Politowitz v. Citizens Telephone Co.

115 Mo. App. 57 | Mo. Ct. App. | 1905

ELLISON, J.

— This action is for personal injury received by plaintiff in consequence of an electric shock caused by contact with one of defendant’s telephone wires. The judgment in the trial court was for the plaintiff. The defendant maintained telephone wires, the city of St. Joseph maintained an electric lighting plant, and the St. Joseph Railway, Light, Heat and Power Company also maintained wires. All of these wires were alleged to be strung throughout the city and all heavily charged with electricity. They were in many places near together, either on the same or nearby poles. Plantiff was hurt at a point where the wires of each corporation are close together and she brought her action against all three, but she dismissed as to all save the telephone company, thus leaving the charge of neg*60ligence to stand against the telephone company alone.

The defendant’s contention on this appeal is that, at plaintiff’s instance, the trial court submitted the case to the jury on acts of negligence which were not charged in the petition. If this be true, the judgment must necessarily be set aside. [Garven v. Railway, 100 Mo. App. 617; Cunningham v. Journal Co., 95 Mo. App. 47.]

The negligence alleged in the petition is that defendant’s wires, being charged with powerful and dangerous amounts of electricity, were carelessly and negligently contracted, maintained and operated. That they were not properly and lawfully insulated and protected. That the wires, fastenings and attachments were defective, and the wires sagged down and were constructed of poor, rotten material, and that they broke and fell across the sidewalk where plaintiff came in contact with them. We thus state the charges in the petition in the order in which they are there stated. These charges amount to this, that the defendant carelessly and negligently constructed, maintained and operated its wires, in this, that they were not properly insulated and protected, that the attachments and fastenings were defective, and the wires sagged down, and the wires were made of poor and rotten material, and that they broke and fell across the street. The plaintiff’s instruction directed the jury to find for her if they believed that defendant carelessly and negligently permitted its wires to fall and lay down on the street, provided the jury further believed that defendant had notice that the wires were in a loose or sagged condition, or that such condition had existed a sufficient length of time before the injury to have enabled defendant to have known of it by the exercise of ordinary care and caution.

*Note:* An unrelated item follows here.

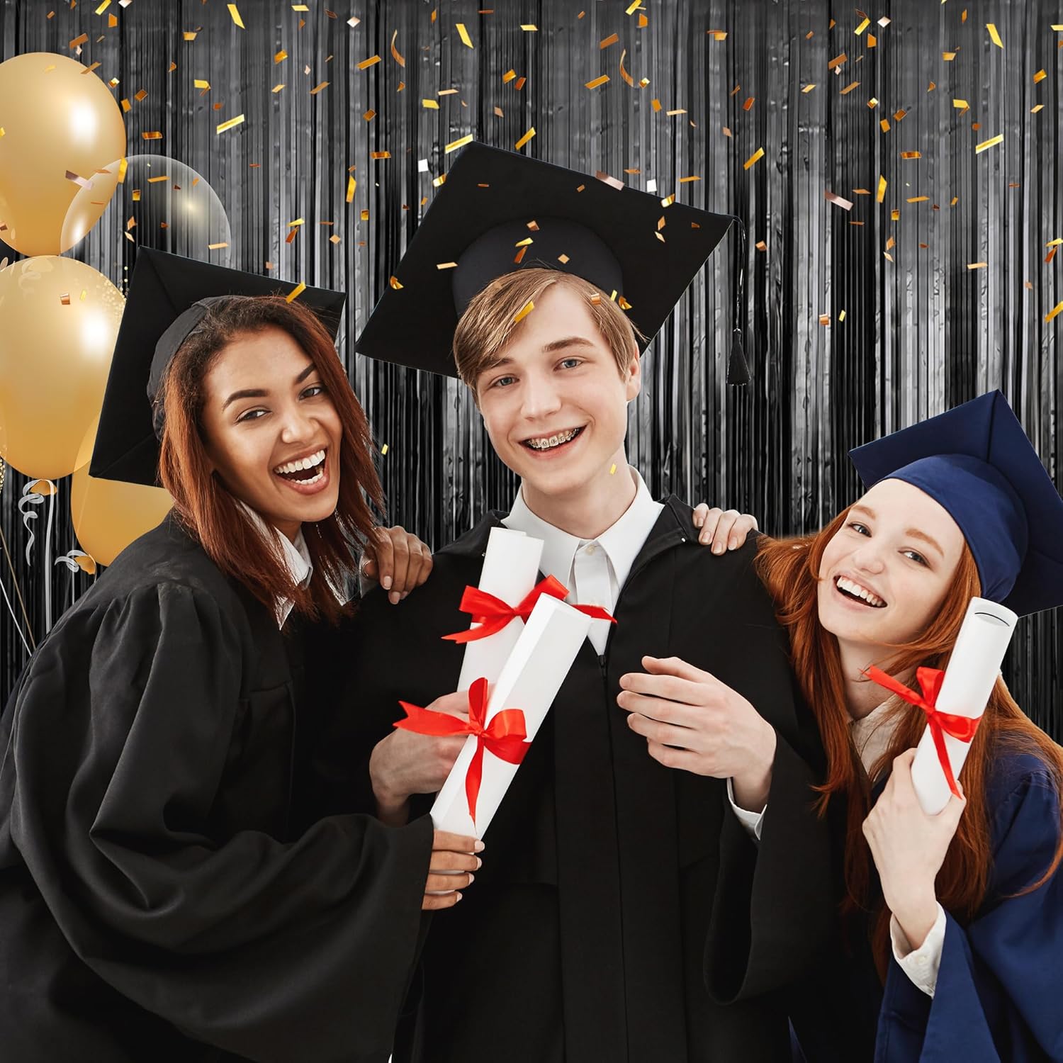 Crosize 2 Pack 3.3 x 9.9 ft Black Foil Fringe Backdrop Curtain, Streamer Backdrop Curtains, Streamers Birthday Party Decorations, Tinsel Curtain for Parties, Photo Booth Backdrops, Party Décor
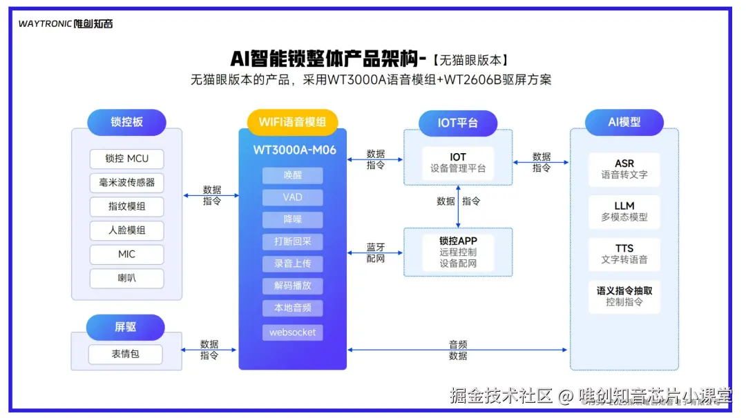 我们可以把这个过程比作人类的听觉系统:当声音进入耳朵后,需要经过大脑的处理才能理解其含义并作出反应。在智能锁中,WT2606A语音芯片就像是专门处理声音的"小助手",它能进行本地唤醒、语音活动检测(VAD)、打断处理等基础工作;而当需要更复杂的语义理解时,声音信号则会通过WIFI传输到云端,由强大的AI模型进行处理,然后将结果返回给智能锁。

There was thus submitted in the instruction an entirely different case from that charged in the petition — a case bottomed on an entirely different theory. The whole substance and meaning of the charge in the peti*61tion is, that the wires were so improperly fastened to the poles and were of such poor and rotten material that they fell onto the sidewalk; whereas, the instruction permitted a verdict for plaintiff if the wires fell upon the ground from any negligent cause. The instruction should have followed the petition and have required the jury to find that the defendant negligently, improperly fastened and attached its wires, or that defendant negligently used and maintained wires in its lines which were poor and rotten, so that they fell upon the street, etc.

If the defendant is g'uilty of the negligence charged in the petition, its knowledge or notice that the wires were down is of no consequence and need not be included in the hypothesis of an instruction.

Portions of plantiff’s petition might be construed as making a general charge of negligence. But whatever may be said of that, it is certain that the particulars in what the negligence consisted of are pleaded, and, when such is the case, the particulars are considered to limit the breadth of the general charge and the plaintiff will be confined to the particular negligent acts alleged. [Lowenstein v. Railway, 110 Mo. App. 686, and cases there cited.]

It is suggested that, if there was error in plaintiff’s instruction, it was error invited by defendant. We do not so consider it. It is true, defendant submitted an hypothesis, in its first instruction, of defendant’s having knowledge of the wire being down; but that was based on the wire having fallen by reason of being severed from causes not mentioned in plaintiff’s petition. And so knowledge was submitted in its second instruction, but that was founded on the hypothesis that defendant had not been negligent in the construction of the line. But the question of knowledge of the defendant as submitted in plaintiff’s instruction, while a confusing burden in the case, is not the main objection to it, *62as we have shown. The main objection is that it was not confined, and limited to the negligence charged.

The judgment is reversed and the cause remanded.

Broaddus, P. J., concurs; Johnson, J., not sitting.